Rikardo Racz was born at one minute past midnight, five weeks ago, and thus became the first baby born in Hungary this year. National, as well as local media noted his birth and a photo of Peter and his wife Sylvia holding Rikardo made the front pages.
Then Elod Novak, deputy leader of the far-right Jobbik party, posted that picture beside one of himself, his wife and three children on Facebook, mentioned that Rikardo was the third child of a 23-year-old Gypsy mother, then added: "The number of Hungarians is not just falling disastrously, but soon we will become a minority in our own homes. When will the day come when they decide to change Hungary's name? And when will we finally tackle our country's biggest problem?"
This provoked an avalanche of both condemnation, and approval. Rikardo's birth seemed to hold up a mirror in which both Hungarian racism and anti-racism were reflected.
"They're breeding like rats, like parasites," was a typical comment from those who sided with the Jobbik deputy. Opposition and government politicians tried to outdo one another with gestures and words of solidarity with the family.
Rikardo became Hungary's most famous Gypsy, at only a few days old.
I meet Rikardo, his mother Sylvia and father Peter in the town hall of Mako - this is the first media interview they have given. The splendid old building smells of new paint. There are wooden parquet floors, a cluster of flags, and the mayor herself, Eva Erzsebet Farkas. As every year, she says, she promised 100,000 forints (£250, $380) to the parents of the first baby born in her town in 2015. She didn't realise what she was letting the family in for.

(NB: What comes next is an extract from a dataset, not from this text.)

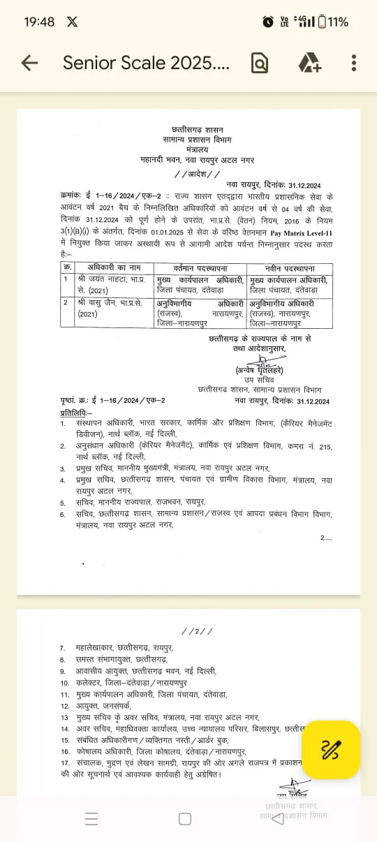 यह भी पढ़ें: छत्तीसगढ़ के इस विभाग में थोक में तबादले: नए साल से पहले मिला तोहफा, ट्रांसफर और प्रमोशन का आदेश जारी
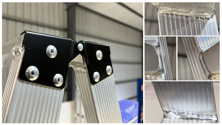 更厲害的是,這個工作梯最高承重高達200公斤,祕訣就在於鋁管相接處採四面滿焊工法製作,而非一般市面的鉚釘接合工法;而且梯子頂部兩側都裝有鋼片加固,所以踩起來十分穩固,完全不會晃喔!🙌🙌🙌

Rikardo takes one look at your BBC reporter, and bursts into tears. Nothing personal, his parents reassure me, he's just eaten and his tummy hurts.
Peter outlines his life story. The family are the only Roma living in a small village on the edge of Mako, they get on well with everyone, and have never experienced personal hostility or racism before. Peter does community work, and is just taking his driving test for tractors and harvesters. Their two daughters are still at kindergarten.
"I just want a quiet family life, with no media attention," he explains. "Warm food at home when I get back from work, my family around me."
Sylvia hands him the now wide-eyed baby, the sometimes-quiet point at the centre of the storm. "People should not be stigmatised from the moment of their birth," she says.
"When my son is 18, he can decide whether he identifies himself as Roma or not. Its not his fault that he came into this world a few moments after midnight. Maybe there was racism in Hungary before this, but we didn't feel it. We love living in this town. Everyone is kind to us here. Now my baby is giving me the strength to get through this," she adds.
"All that differentiates us is the colour of our skin," says Peter. "We have the same hearts and blood and souls. Rikardo will go to kindergarten and school, and learn a trade, like any other child."
They're in a rush to fetch their daughters and go home. I offer them a lift, but they'd rather take the bus.
Elod Novak, the Parliamentary deputy, has refused to apologise for his comments and even suggested that Peter should apologise to him. Far-right media are still full of allegations of an "explosion" of Roma births. They maintain it's Hungary's biggest problem. They don't seem to realise that Roma are Hungarians too.
With equal rights. Peter, Sylvia and Rikardo disappear into the sleet and gloom of the February afternoon, past the statue to Mihaly Fatyol, violin virtuoso.